ATen
ATen copied to clipboard
Tensor factories (and functions) should accept Tensors/Scalars as arguments to reduce sync points (?)
Currently if you want to create a new Tensor from specifications residing on gpu a sync is needed (imho): It would be greate if sthg like the following could work:
... my_func(...){
...
my_gpu_tensor = ...; // size N x 1
//now we want to create a new M x 1 tensor where M = my_gpu_tensor[N][0]
auto new_size = Scalar(my_gpu_tensor[N][0]);
auto new_tensor = my_gpu_tensor.type({new_size}).

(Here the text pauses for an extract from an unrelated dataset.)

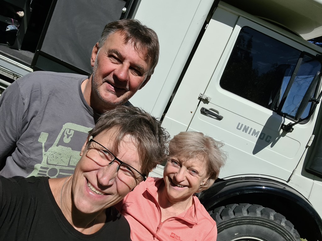 Amancy begrüßt und herzlich. Wir schätzen, tauschen uns über vieles aus – das war eine super schöne Überraschung – bisher kannten wir und noch gar nicht, aber verstehen uns auf anhieb prima. Wir dürfen auf ihrem Grundstück stehen und sie versucht für uns eine Werkstatt zu organisieren. Wir machen eine Wanderung um den See mit vielen Eindrücken, gehen lecka Essen. Am nächsten Morgen haben wir eine Werkstatt. Ersatzteile haben wir Notfalls dabei. Also Mogl hinfahren, da lassen und hoffen dass es bis Abend alles klappt. Zwischendrin gehen wir ein wenig wandern , schwätzen, essen und ernten Himbeeren im Hof ihres Sohnes. Er stellt unter anderem Säfte, Marmeladen her, hat Schafe, etc.. Ein Allrounder. Die Nachricht kam: Camioneta es listo! Tschakka – sie haben ihn fertig! Karim und sein Vater haben uns super geholfen.![]()
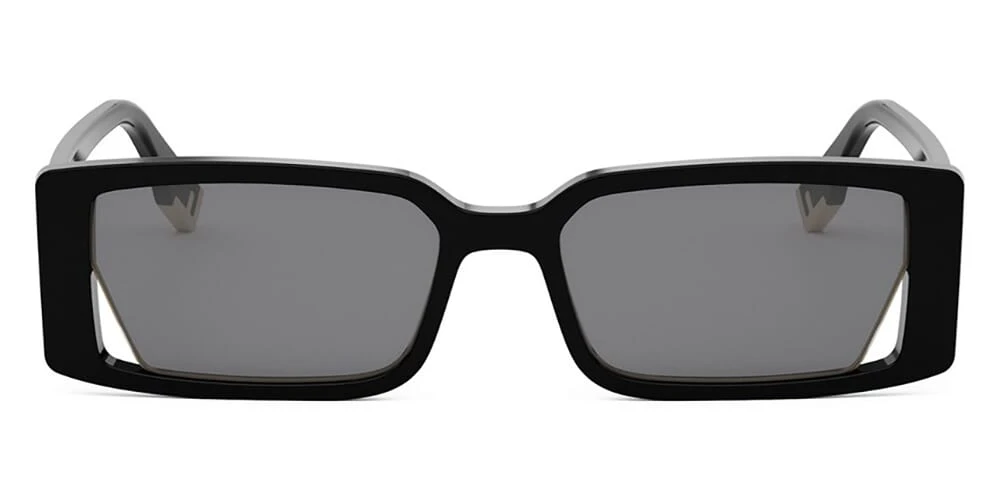 This square Fendi sunglass comes in a shiny black frame with grey lenses.

//or a Tensor of size my_gpu_tensor.slice(0, N-2)
auto new_tensor_2 = my_gpu_tensor.type(my_gpu_tensor.slice(0, N-2).squeeze());
...
}
Currently I have to do first sthg like new_size = new_size.to<int>()
to make it work.
But from my understanding this introduces a device->host action.
Hence, it interrupts the asynchronous nature of the gpu calls and it prevents me from calling
my_func asynchronously on several streams and then waiting together.
As I am not deep enough in the ATen sources, is it technically possible with reasonable effort to make this work? Or is there actually a way to do this I did not see?
regards c.hofer